Note: Clustered pair server technology is not considered part of a virtual environment. Although service fails over from one server to another, there is a momentary lapse of service in the active production environment, as well as a risk of not restoring full redundancy.
Virtual Servers: VMware
The terms host and guest describe the physical and virtual machines. The physical computer on which we install VMware Workstation software is called the host computer, and its operating system is called the host operating system. The operating system running inside a virtual machine is called a guest operating system.
IRT provides a host server service. If there are changes in interface connectivity or service availability of the host, then IRT will schedule such changes per the IRT Change Management policy. However, routine maintenance, such as operating system patching, is done without impacting interface connectivity or service availability, is not considered part of the active production environment, and is therefore exempt from the IRT Change Management policy. Detailed records of such routine maintenance are stored in the VMWare environment.

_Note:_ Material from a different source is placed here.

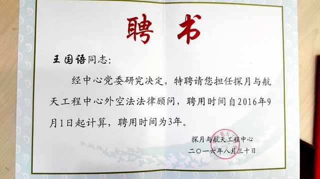 2016年9月18日,国防科工局探月航天工程中心(中心)聘请法学院王国语副教授为外空法法律顾问,王国语应邀参加了中心的聘用仪式。

IRT also provides guest server service. Changes to guest servers may impact service to the production environment and therefore should be scheduled in accordance with the IRT Change Management policy.
Virtual Applications: Xen Server and Citrix
IRT provides an application service. I f there are changes in interface Connectivity, service availability, the user experience or integration with other applications, then such changes are said to impact the production environment and IRT will schedule such changes per the IRT Change Management policy.